Chaque nouveau livre de Jacqueline MERVILLE vient de loin, au propre comme au figuré. La fibre narrative épouse la fiction avec une justesse qui reconstitue une trace consolatrice sans le moindre débordement. Tout est lisible , y compris l'invisible et l'écriture au ligne à ligne. Deux femmes se parlent, l'asymétrie des destins ne gêne en rien, l'histoire est à la fois contemporaine et commémorative. La notion de rafle et la notion d'enfance cohabitent à l'abri des regards.Huis-clos derrière les rideaux. Prétexte vigoureux à dialogue, maintien dans l'ouvert malgré la promiscuité. Un livre d'art majeur... A lire dans un grand silence agrémenté de réminiscences...
EXTRAIT :
Où est ma mémoire ? Elle fait le bruit des pluies ruisselant sur une bâche en plastic. Ce bruit me fait mal. La rue semble à nouveau tranquille. Continuez à me raconter ce que d'autres pluies ont fait à votre mémoire.
Vous hésitez, vous me regardez.
Vous dites le sceau de l'infime, du négligeable, marquant de ce que vous me racontez.
Je dis, oui.
Pourtant votre histoire minuscule, tellement insignifiante comme vous le répétez, me calme.
Dans cette chambre, parfois dans la cuisine, vous dites un film à votre manière. Personne à y dévisager, à y condamner, à y plaindre, à haïr. Un film où vous n'êtes pas vraiment. Vous ne faites que regarder en arrière, sans y croire.
C'est votre songe, un rêve ni beau , ni laid, ni grand, ni monstrueux qui serpente dans un temps lointain.

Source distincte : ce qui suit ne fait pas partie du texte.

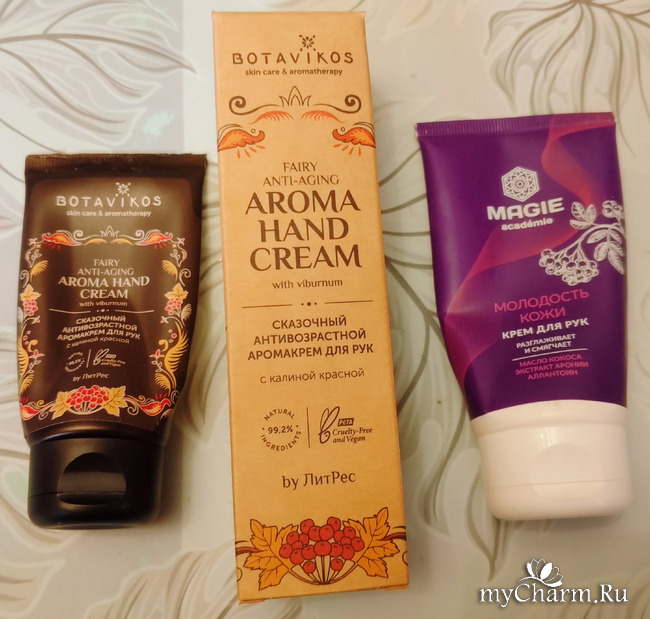 Аромакрем с калиной красной от Ботавикос - уж насколько я не люблю ароматы средств бренда, обычно у них всё кориандром отдает, но тут аромат просто восторг!!! И увлажняет ручки хорошо.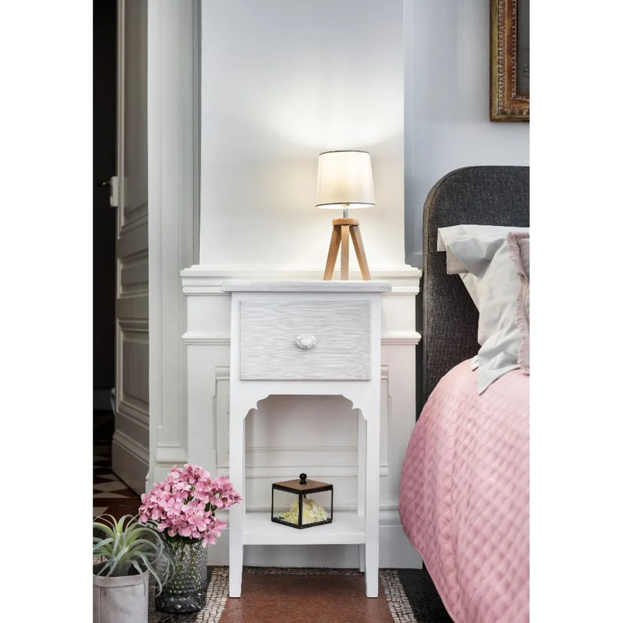 Osez le style romantique dans votre chambre et adoptez la table de chevet Venise. Sa faible largeur vous permet de la disposer où vous le souhaitez sans qu’elle ne prenne trop de place ni ne gêne le passage. Son effet blanchi et sa composition en bois vont faire de cette table de nuit le meuble incontournable de votre chambre. Équipée d’un tiroir, gardez tout votre nécessaire de nuit à portée de main. Son étagère vous permet de poser un objet décoratif, des magazines ou encore une jolie plante. Pour une parfaite harmonie dans votre intérieur, découvrez les autres meubles de la gamme Venise, en particulier le buffet et le chiffonnier. Romantisme assuré !

Un temps qui a fini d'exister.
C'es tpour cela qu'il me repose tant.
Votre mémoire est comme un lac où vous lisez pour moi le reflet des nuages?
Où est le lien avec celle dont vous parlez ? Cette Mobylette, cette famille, des photographies regardées à la lueur de la lune seule, puis jetées à nouveau dans l'oubli.
Est-ce vraiment votre histoire ou seulement quelques îles flottant dans une mémoire qui n'a pas de source ou qui en a trop ? Vivre a-til une source ?
Jacqueline MERVILLE, TENIR LE COUP, p. 69.
des femmes Antoinette FOUQUE Editions, Août 2011.